While STIs are usually easily treatable, some can cause serious health issues such as infertility and pelvic inflammatory disease. Many people are unaware that they have an STI as they don’t have symptoms.

There are steps that everyone can take to reduce their risk of contracting STIs, the HPSC says. This is via condom use, reducing further spread by getting tested promptly, getting appropriate treatment and informing partners so they can be tested too.

Free supports are available from the HSE and are promoted through the Sexual Wellbeing and Man2Man campaigns. Support includes free condoms and free home STI testing kits.


Trinity team – cause of brain fog linked with Long Covid

Researchers in Trinity College have now shown that leaky blood vessels in the human brain, in tandem with a hyperactive immune system, may be the key drivers of the brain fog associated with Long Covid.

This is critically important, study lead Professor Matthew Campbell said, as understanding the underlying cause of these conditions will allow researchers to develop targeted therapies for patients in the future.

Healing power of art

Art has healing powers. That’s what’s highlighted in the Irish Hospice Foundation’ new book Art by Their Side. The Foundation partnered with hospitals to integrate artists into care settings in 2023 with the aim of providing patients, families and staff with a unique outlet for self-expression and to foster compassion in the acute healthcare system.

The new book features interviews with participants and showcases the creative work that emerged from the residencies, demonstrating the profound impact of art on end-of-life care and that people can live well right to the end.

Artists Caroline Schofield and Kevin Toolis worked at St Luke’s General Hospital Kilkenny and University Hospital Limerick respectively. Dr Rory McGovern, consultant geriatrician at St Luke’s praised the project saying: “I’ve seen Caroline work with patients with various medical and psychological issues. I’ve seen them engage with her and then suddenly, smiling and finding themselves as people again.”

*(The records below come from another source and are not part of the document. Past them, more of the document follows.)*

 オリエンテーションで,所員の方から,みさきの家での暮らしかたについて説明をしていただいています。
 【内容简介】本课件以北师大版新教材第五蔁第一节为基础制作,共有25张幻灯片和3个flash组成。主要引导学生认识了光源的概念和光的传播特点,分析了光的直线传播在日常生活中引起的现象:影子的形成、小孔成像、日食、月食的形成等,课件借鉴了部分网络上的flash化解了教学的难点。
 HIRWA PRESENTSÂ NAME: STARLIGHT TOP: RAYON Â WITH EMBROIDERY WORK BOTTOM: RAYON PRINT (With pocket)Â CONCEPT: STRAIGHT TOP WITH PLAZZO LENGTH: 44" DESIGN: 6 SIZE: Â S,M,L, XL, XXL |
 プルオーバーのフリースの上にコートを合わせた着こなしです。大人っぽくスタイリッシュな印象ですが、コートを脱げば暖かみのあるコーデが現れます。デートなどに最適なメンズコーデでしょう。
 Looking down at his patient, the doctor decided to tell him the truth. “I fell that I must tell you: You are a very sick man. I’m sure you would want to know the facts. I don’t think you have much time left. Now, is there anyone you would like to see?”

Irish-Hospice-Foundation. \ Paul-Sherwood-Photography

Gaming could be good for your memory?

A new study has found that regular gamers performed better on tasks that involve attention and memory. The 88 young adults who participated in the research at the Leor Esports Science Research Lab at the University of Limerick (UL) were given three tests; a reaction time test, a memory test and a maze-based activity to assess visuospatial memory. The group of gamers completed the tasks quicker than non-gamers.

“The regular playing of video games is often criticised and seen as unhealthy, but our research shows that gamers may enjoy some cognitive benefits over the wider population particularly relating to attentiveness and memory,” said one of the authors, Dr Adam Toto of UL.

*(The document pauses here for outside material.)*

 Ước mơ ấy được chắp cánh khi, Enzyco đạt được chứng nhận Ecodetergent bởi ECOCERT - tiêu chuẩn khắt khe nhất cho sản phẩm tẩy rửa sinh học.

Study finds promising findings: coffee drinkers have much lower risk of bowel cancer recurrence

People with bowel cancer who drink two to four cups of coffee a day are much less likely to see their disease come back, a study of 1,719 bowel cancer patients by Dutch and British researchers has shown.

Patients who had at least five cups a day were 32% less likely than those who drank fewer than two cups to see their bowel cancer return, according to the research funded by the World Cancer Research


The study is the latest to show that coffee reduces cancer risk. Co-author Professor Marc Gunter stated that: “coffee contains hundreds of biologically active compounds which have antioxidative properties and also lowers inflammation and insulin levels.

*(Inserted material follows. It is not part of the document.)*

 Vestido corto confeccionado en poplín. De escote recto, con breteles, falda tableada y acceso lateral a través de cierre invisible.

“However, we need more research to go more deeply into the biology of why coffee might have such an effect on bowel cancer prognosis and survival,” he added.

This is a turnaround from the WHO 2016 classification of coffee as ‘possibly carcinogenic’.

Did you know?

• Campaigners gathered recently to mark the 20th anniversary of Ireland’s workplace smoking ban. They credit it with saving more than 3,700 lives in less than four years after its introduction. Tánaiste Micheál Martin, who pushed through the legislation as Minister for Health in 2004, was joined at Government buildings by representatives of the Irish Heart Foundation, its ASH Council and other organisations involved in its initiation.